The Cavalier Daily
Serving the University Community Since 1890

New year, last chances

IT'S NOT the New Year yet, but the next column I write will be in the year 2000. The year 2000 may be the time of apocalyptic predictions, of suggestions of computer failure or terrorist attacks. There are many predictions that certainly will not come true. But for me, one thing is for sure. The year 2000 will be filled with changes.

As a graduating fourth-year student, I have just five months left at the University. I have just five months left before I move on from the life of a college student. Five months until I have to move on from what may be the perfect life.

It's a time that people often reflect on as the best time of their lives. People of my parents' generation said this to me before college, and now they say it during college. I won't be surprised if I start saying to college students after I graduate: "You're lucky. This may be the best time of your life."

In college I spend my time reading great books, and writing papers on topics that excite me. Sometimes I must stay up all night reading and studying, but I can trade that for a whole day of fishing or sitting on the porch. I have none of the restrictions associated with a 9 to 5 job, which really is more of a 9 to 5 lifestyle. Soon I'll be leaving this perfect life.

Perhaps most importantly, I'll be leaving behind a life where I can walk to most of my friends' houses. Instead of seeing these folks every day I'll see them at Homecoming or on the occasional weekend. Soon they won't just be my friends, but my friends from college.

Of course this trend cannot be reversed. We all are set on a continuing path in which every experience is temporary. High school comes to an end, and as you move on, you hope that the good things from high school will stay the same. Some of them do. Some of the friendships remain, but often, good things of the past give way to good things of the present.

There is little point in trying to preserve a life that you have left behind. As college students, we can't try to live our high school lives, and when we are in the workforce, we can't try to live our college lives.
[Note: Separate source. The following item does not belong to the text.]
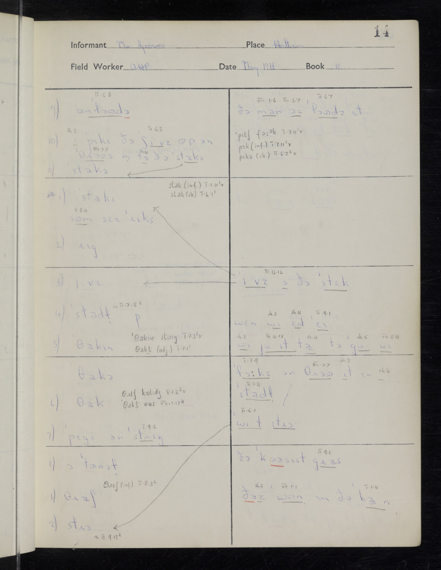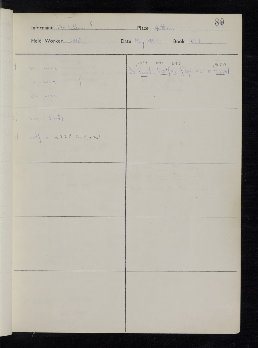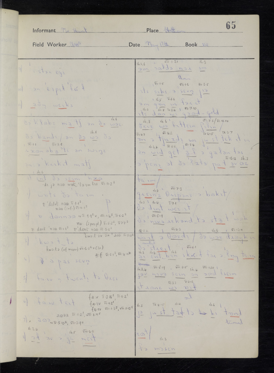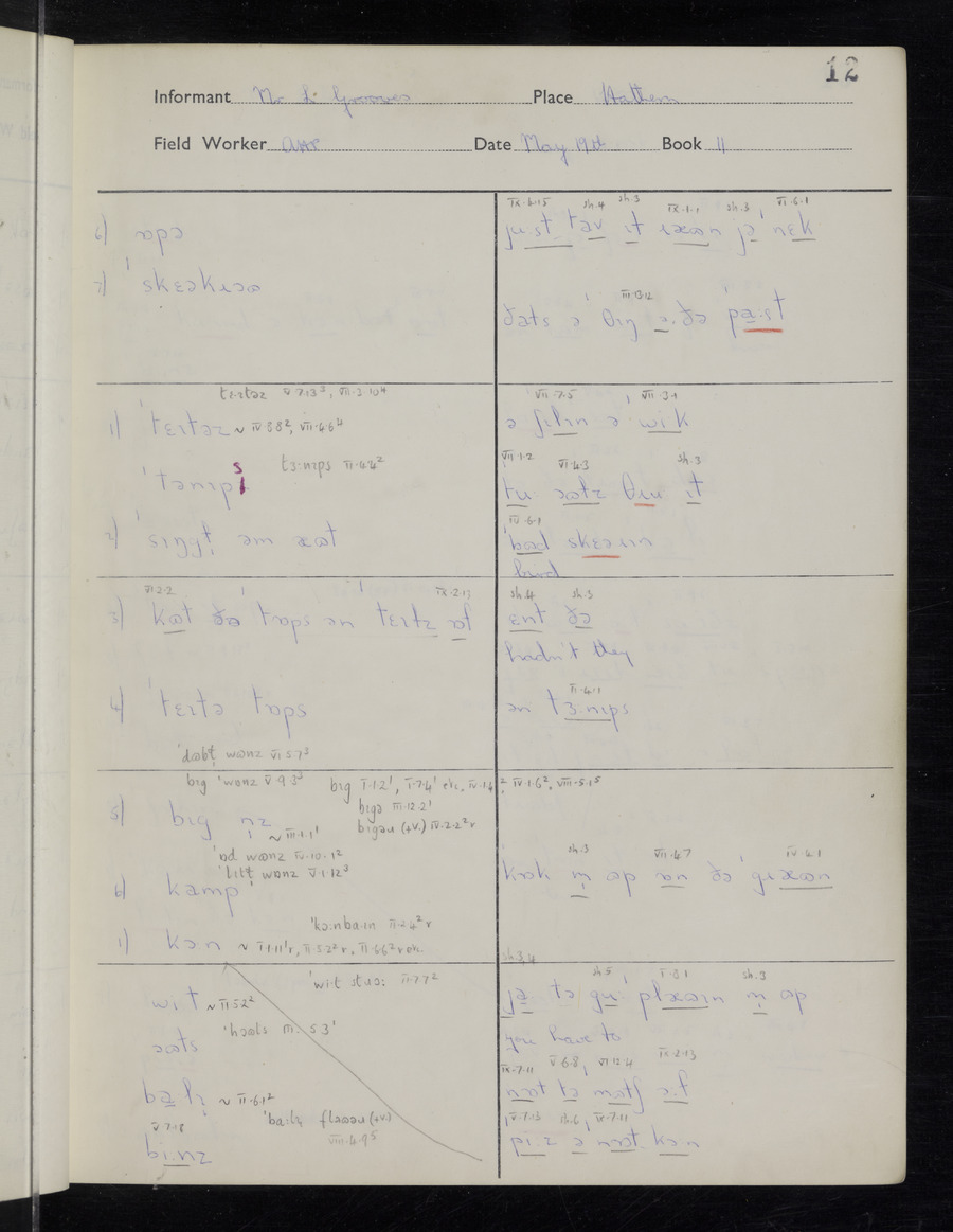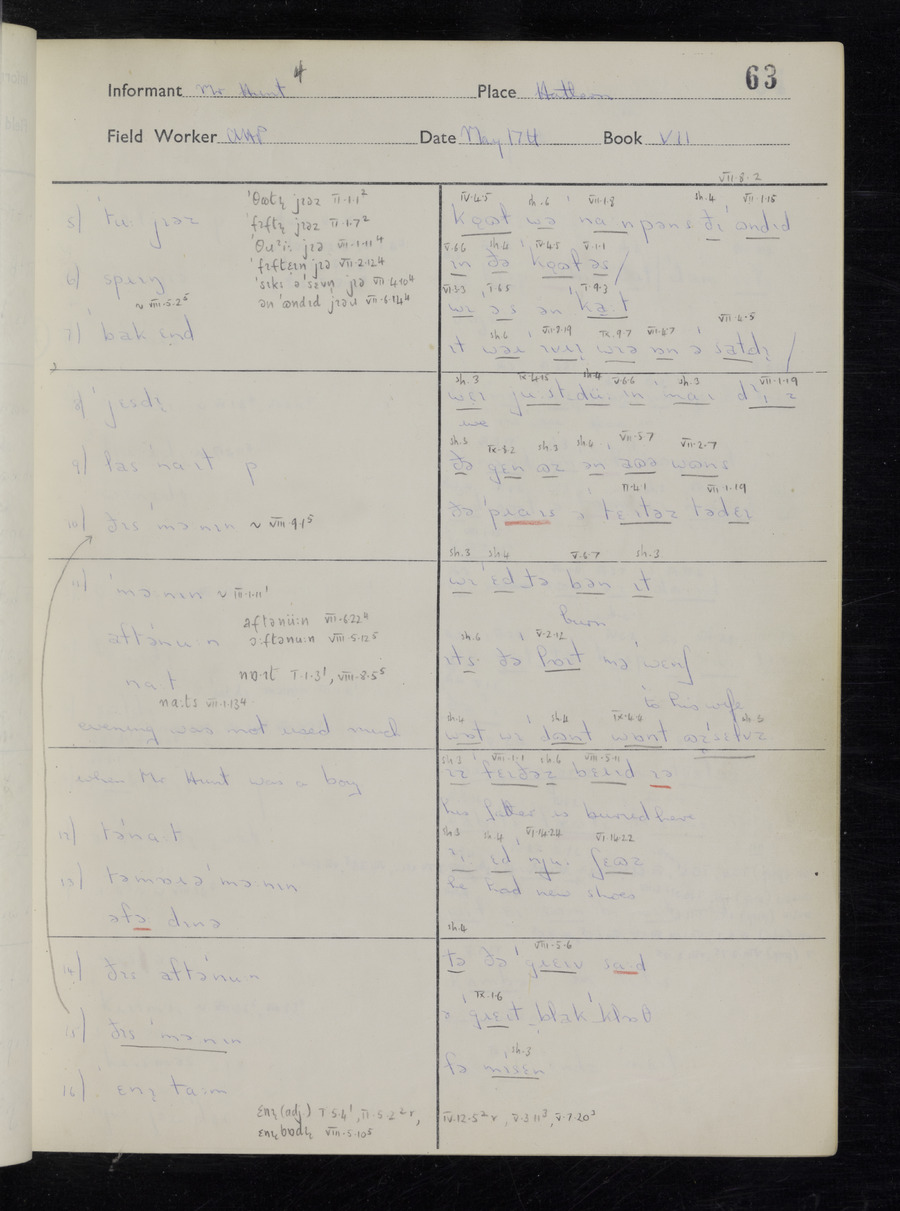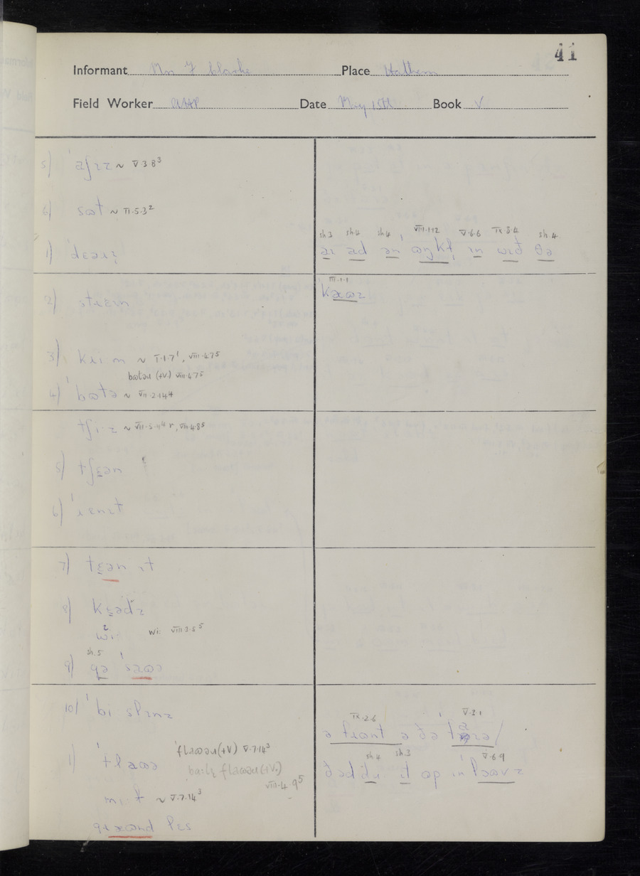 Response book recording the answers given by informants during the Survey of English Dialect. It includes 9 sections that cover a range of topics relating to work, domestic and social life. Answers are recorded in the International Phonetic Alphabet.

So rather than anticipating the losses that are necessarily going to accompany these future changes, we should just know that they are going to happen, leave it at that, and make the most of the time we have here. Last weekend was my last fraternity Christmas semiformal. Coming up is my last winter break. There are many lasts, but instead of seeing the sadness in them I, and all of us fourth-years, should just appreciate the rest of the time we have left.

We should avoid petty fights with our friends, for we are only going to be with all of them for another five months. We should avoid taking ourselves too seriously. We are just college students trying to make the most of our last semester. Soon we are going to be on a career path, or in law school or medical school. Let's just remember what a great thing we have here now, and not rush to the end of it wasting time on small problems.

It's not that the future will be gloomy, but it is hard to imagine a situation much better than the one we have now. Of course we can expect the future to hold the same mix of good and bad that we have now, but there's something about the freedom of a college student that we may never be able to reproduce.

For those of you who aren't fourth years, you probably will feel this way someday also. Your time at the University will come to an end, and you'll wonder where it has gone. There's no way to stop time, but we can all make sure that we don't get caught up in little things, and miss the big picture. Don't be in a rush to finish, for this is the last time many of us can be as carefree and relaxed as we are now. We can't forget just how lucky we are to be in this situation.